Posting this picture won't help your cause.. Run spaccy & post the screenshot.


----------



## khmadhu (Dec 6, 2011)

speccy snapshot added...

the audio is working in ubuntu!. but not in windows


----------



## d6bmg (Dec 6, 2011)

'No audio card detected' means integrated audio of that motherboard isn't working. 
P.S. did you see any unknown device in the device manager?


----------



## OSxSnowLeopard (Dec 6, 2011)

There won't be any problem installing windows 7 with this board. Windows will self install compatible driver, if user cant provide one himself or if you connect windows to internet it will check and include(if available) under win updates. But stick with win7x86 starter or basic edition with these spes.-)
For audio look for codec your board is using. Then scearch for it. E.g : Like Realtek ALC 888,889 ect or intel's hd or ac97 based or any other.
P.S: Give your desktops exact model name/number(purchased from india or abroad).


----------



## khmadhu (Dec 7, 2011)

@d6bmg   the audio card is working, i tested in ubuntu. there it shows some "Analog digital 1989 " card, i tried this windows version driver, but no luck.
yes in device manager it shows as unknown device.

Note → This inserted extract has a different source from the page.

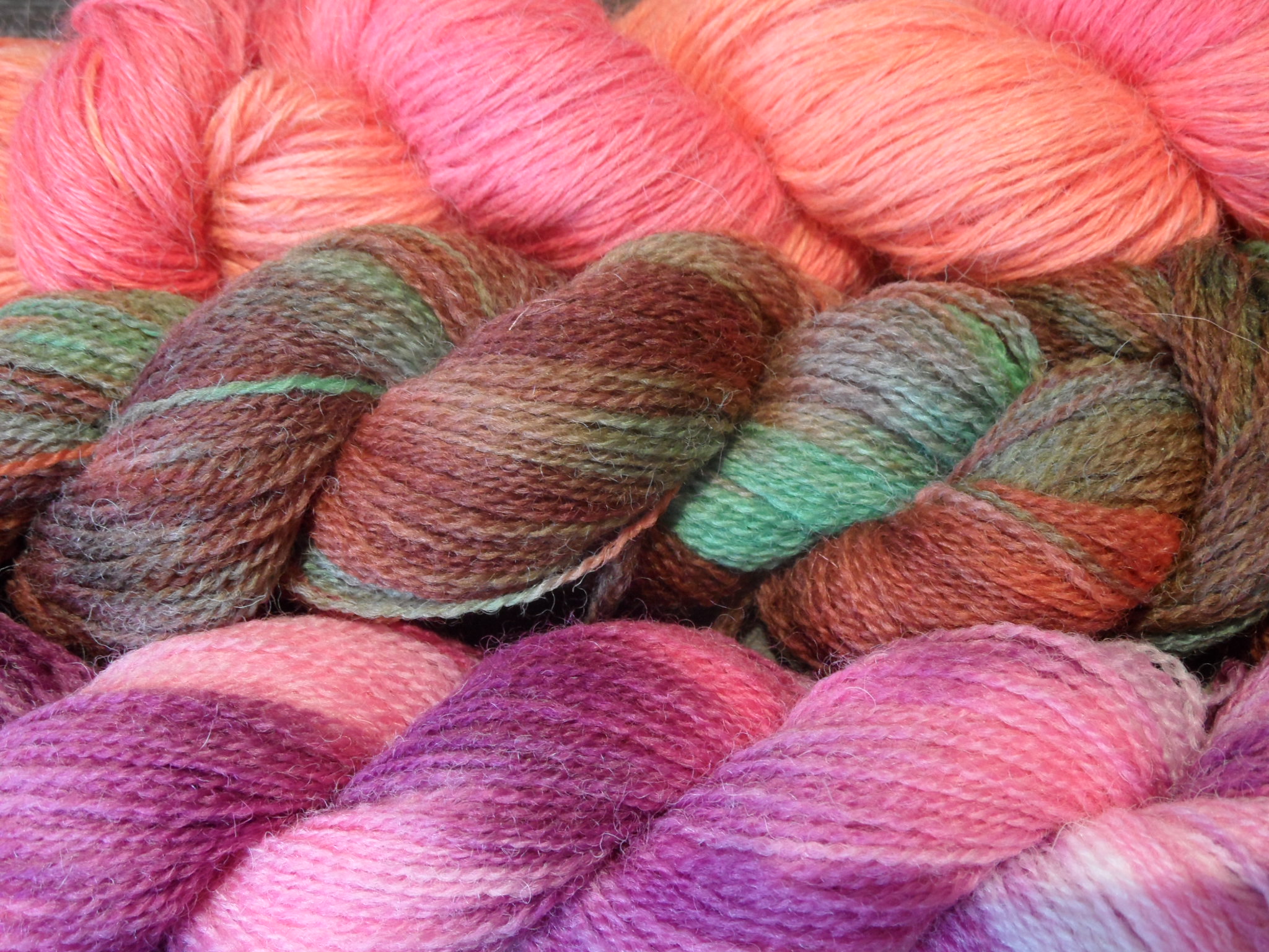 One of the lovely things about taking a course like this is that even if you’re disappointed with your end results, other people can always see something special about the work that you’ve done and it makes you look at it with fresh eyes. At the end of the day, I invested in one or two items from the shop and returned home with three bags of slightly damp yarn, which were then hung up over the bath. They now look like this – I’m really pleased with them (if nothing else, it proves that wool always looks nicer in a skein) but have no idea what to knit them up into.

@OSxSnowLeopard, i know windows 7 can be installed, i doubt about the processor becoz its p4!. cant take much load.

the model is lenovo L-S672G/T672FXME   u can see in the photo of mobo (first post)


----------



## OSxSnowLeopard (Dec 7, 2011)

P4 can handle win7 with no prob. i have seen and i personally use win7 on even lower celeron cpu runs @ around 1.7Ghz and ddr2 667(333x2?) are good to go. Actually i was asking for name/model of your friends desktop like "lenovo thinkcenter xyz(model)" to cross-check specs online.

You can get official sis igp drivers from here:
*w3.sis.com/download/

I will look for audio driver if can, once able to figure out boards exact audio codic.


----------



## khmadhu (Dec 7, 2011)

@OSxSnowLeopard thanks for your concern...


----------